Excerpted records below:

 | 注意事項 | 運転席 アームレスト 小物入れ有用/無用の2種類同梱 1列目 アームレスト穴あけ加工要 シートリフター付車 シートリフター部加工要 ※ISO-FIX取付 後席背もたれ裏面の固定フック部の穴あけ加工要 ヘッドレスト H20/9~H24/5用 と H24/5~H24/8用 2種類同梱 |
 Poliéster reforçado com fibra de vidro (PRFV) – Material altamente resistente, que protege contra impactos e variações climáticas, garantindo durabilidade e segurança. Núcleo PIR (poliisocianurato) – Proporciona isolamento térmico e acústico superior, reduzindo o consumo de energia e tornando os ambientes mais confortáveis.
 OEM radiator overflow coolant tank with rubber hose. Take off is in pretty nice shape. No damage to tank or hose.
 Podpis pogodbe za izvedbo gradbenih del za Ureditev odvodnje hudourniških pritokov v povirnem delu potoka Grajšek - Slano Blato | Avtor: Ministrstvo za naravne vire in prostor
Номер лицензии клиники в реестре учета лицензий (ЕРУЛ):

End of Excerpted records.
Excerpted records below:

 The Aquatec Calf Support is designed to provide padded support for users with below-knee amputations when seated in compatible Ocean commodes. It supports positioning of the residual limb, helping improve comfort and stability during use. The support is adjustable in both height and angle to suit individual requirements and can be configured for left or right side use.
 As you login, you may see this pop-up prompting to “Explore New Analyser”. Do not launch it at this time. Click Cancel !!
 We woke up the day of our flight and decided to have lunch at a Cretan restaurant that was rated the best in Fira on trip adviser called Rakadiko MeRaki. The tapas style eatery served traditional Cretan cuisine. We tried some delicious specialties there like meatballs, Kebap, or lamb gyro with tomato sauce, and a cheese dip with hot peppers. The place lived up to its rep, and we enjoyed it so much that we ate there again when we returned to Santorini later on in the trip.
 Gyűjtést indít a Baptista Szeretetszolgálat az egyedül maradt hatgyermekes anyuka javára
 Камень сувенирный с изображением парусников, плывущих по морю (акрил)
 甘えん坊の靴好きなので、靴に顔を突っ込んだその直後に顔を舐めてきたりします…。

End of Excerpted records.

What you need to do:
Which lines run from the one holding "H24/5~H24/8用 2種類同梱 |" through the one holding "Номер лицензии клиники" in the records above? Repeat them exactly, both included, and nothing more.

Result:
 | 注意事項 | 運転席 アームレスト 小物入れ有用/無用の2種類同梱 1列目 アームレスト穴あけ加工要 シートリフター付車 シートリフター部加工要 ※ISO-FIX取付 後席背もたれ裏面の固定フック部の穴あけ加工要 ヘッドレスト H20/9~H24/5用 と H24/5~H24/8用 2種類同梱 |
 Poliéster reforçado com fibra de vidro (PRFV) – Material altamente resistente, que protege contra impactos e variações climáticas, garantindo durabilidade e segurança. Núcleo PIR (poliisocianurato) – Proporciona isolamento térmico e acústico superior, reduzindo o consumo de energia e tornando os ambientes mais confortáveis.
 OEM radiator overflow coolant tank with rubber hose. Take off is in pretty nice shape. No damage to tank or hose.
 Podpis pogodbe za izvedbo gradbenih del za Ureditev odvodnje hudourniških pritokov v povirnem delu potoka Grajšek - Slano Blato | Avtor: Ministrstvo za naravne vire in prostor
Номер лицензии клиники в реестре учета лицензий (ЕРУЛ):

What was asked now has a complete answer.